It’s a testament to Vought’s growing policy influence that the Heritage Foundation tapped him to write the chapter on the Executive Office of the President in “Project 2025,” a massive blueprint for the next GOP president to follow. He is also putting together the initiative’s “playbook for the first 180 days” of a second Trump term, the Post reported. Though the Trump campaign has tried to distance itself from Project 2025, there’s little chance that an incoming administration wouldn’t draw heavily on the work being done.

It may be even more concerning that Vought has been tapped to be policy director for the GOP’s 2024 platform committee. He’ll be joined by a deputy who, like him, was a fierce advocate of the false claims that Joe Biden stole the election from Trump. Unlike in 2020, when the Republican National Committee forwent drafting a platform, the plank Vought will develop will be the policies that Republicans up and down the ballot will be campaigning on ahead of Election Day.

Vought is particularly vocal about empowering OMB’s director to enforce the president’s will throughout the executive branch — an unsurprising interest given how much damage he did from that perch in the Trump administration. In 2019, he helped craft a doomed effort to kill Obamacare. The following year he signed off on redirecting funds from the Defense Department to construct Trump’s border wall in 2020. He also was responsible for withholding crucial military aid to Ukraine as part of the scheme that led to Trump’s first impeachment. The Government Accountability Office found the latter move to be a violation of the law against “impoundment” that Congress passed in 1974.
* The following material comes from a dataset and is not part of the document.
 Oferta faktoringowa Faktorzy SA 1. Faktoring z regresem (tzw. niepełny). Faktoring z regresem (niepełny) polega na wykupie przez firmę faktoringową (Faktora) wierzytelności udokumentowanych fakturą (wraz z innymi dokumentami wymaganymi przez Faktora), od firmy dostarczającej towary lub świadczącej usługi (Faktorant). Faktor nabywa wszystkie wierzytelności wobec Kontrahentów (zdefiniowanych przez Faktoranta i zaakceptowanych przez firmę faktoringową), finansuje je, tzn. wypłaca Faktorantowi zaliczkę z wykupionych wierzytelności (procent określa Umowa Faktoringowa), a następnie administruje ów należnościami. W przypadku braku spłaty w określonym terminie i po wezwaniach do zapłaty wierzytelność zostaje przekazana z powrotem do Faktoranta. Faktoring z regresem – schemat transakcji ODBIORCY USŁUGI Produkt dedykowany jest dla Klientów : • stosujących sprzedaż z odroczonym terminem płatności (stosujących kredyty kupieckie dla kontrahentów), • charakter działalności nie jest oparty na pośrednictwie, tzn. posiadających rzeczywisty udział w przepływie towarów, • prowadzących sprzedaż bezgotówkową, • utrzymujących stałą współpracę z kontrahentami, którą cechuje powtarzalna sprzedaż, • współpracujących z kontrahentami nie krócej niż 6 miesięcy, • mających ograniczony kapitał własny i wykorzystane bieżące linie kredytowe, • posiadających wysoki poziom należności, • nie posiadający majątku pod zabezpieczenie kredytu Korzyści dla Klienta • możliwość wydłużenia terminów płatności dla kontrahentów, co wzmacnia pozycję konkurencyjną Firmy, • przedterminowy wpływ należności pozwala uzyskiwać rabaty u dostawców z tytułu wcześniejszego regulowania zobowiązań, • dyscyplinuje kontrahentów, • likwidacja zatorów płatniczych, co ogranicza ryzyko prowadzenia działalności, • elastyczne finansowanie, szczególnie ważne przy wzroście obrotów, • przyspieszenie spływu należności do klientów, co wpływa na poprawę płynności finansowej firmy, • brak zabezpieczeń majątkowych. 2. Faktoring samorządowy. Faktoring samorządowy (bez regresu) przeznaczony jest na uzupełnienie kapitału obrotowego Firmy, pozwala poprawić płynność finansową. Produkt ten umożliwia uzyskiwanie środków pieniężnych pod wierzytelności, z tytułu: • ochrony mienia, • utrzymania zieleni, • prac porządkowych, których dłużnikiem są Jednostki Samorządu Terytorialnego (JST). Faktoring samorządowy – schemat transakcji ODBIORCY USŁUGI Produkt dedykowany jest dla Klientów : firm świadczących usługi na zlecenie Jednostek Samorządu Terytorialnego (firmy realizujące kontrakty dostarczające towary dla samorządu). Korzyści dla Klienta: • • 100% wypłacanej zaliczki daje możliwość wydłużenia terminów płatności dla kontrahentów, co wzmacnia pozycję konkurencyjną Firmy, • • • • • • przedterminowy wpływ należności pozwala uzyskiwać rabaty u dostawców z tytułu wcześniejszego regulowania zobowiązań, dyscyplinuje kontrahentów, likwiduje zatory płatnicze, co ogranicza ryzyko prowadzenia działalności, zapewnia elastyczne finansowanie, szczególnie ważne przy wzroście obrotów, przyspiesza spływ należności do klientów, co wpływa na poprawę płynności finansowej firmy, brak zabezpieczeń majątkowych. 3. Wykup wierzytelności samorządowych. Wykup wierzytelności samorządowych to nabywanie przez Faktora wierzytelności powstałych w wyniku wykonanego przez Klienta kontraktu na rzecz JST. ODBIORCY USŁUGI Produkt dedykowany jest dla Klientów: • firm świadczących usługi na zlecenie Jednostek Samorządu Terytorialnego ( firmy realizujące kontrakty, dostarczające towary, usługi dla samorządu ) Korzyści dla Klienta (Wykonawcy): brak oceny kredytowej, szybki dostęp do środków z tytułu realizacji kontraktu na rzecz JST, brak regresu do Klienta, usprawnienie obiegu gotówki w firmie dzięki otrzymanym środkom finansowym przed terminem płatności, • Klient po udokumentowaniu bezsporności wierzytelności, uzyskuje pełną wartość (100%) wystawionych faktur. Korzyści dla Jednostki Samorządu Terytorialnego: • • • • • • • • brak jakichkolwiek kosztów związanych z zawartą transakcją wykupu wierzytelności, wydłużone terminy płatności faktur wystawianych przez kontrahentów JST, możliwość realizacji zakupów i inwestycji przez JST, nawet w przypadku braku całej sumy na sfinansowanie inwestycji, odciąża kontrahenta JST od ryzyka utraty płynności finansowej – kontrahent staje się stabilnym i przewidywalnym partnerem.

While Vought is as committed to enabling Trump as even the most subservient lackeys who held the position, he’s no stranger to the gears that keep Washington’s policy machinery turning.

Vought has argued that the anti-impoundment law and other post-Watergate restraints on the presidency need to be overturned. Accordingly, he’s one of the loudest voices for transforming the Justice Department from an independent agency into a tool for Trump’s vendettas. If anything, the radical shifts he has proposed for a second Trump term would make the executive branch both more powerful than at any time since the Nixon administration and more openly partisan, with authority stripped from career officials and consolidated in political appointees’ hands.

It’s not surprising that, given how extreme Vought’s proposals are, they’ve found little success with Biden sitting in the White House and Democrats controlling the Senate. But the ideas that he and his team are cranking out are set to shape the future of the Republican Party in the same way the Heritage Foundation shaped the Reagan administration and helped develop three decades of GOP orthodoxy. Given his unabashed defense of Christian nationalism, those ideas are set to be massively harmful to LGBTQ Americans and immigrants should he be given a chance to enact them.

He may well get that chance, given that the Post names Vought as a potential White House chief of staff if Trump reclaims the Oval Office. If this comes to pass, he’d be from a different mold than any of the chiefs of staff in the first Trump administration. Because while Vought is as committed to enabling Trump as even the most subservient lackeys who held the position, he’s no stranger to the gears that keep Washington’s policy machinery turning. This is a person who has spent the last 30 years working his way up from a congressional aide to becoming a conservative lobbyist to landing in the Eisenhower Executive Office Building.

Given the extent of the plans he has made, Vought would have a frightening level of understanding of how to execute his vision from the top down with the full weight of the presidency behind him as an unofficial prime minister. And, most worrying, it would most likely be a road map to authoritarianism for future candidates to follow even long after Trump’s name is no longer on the ballot.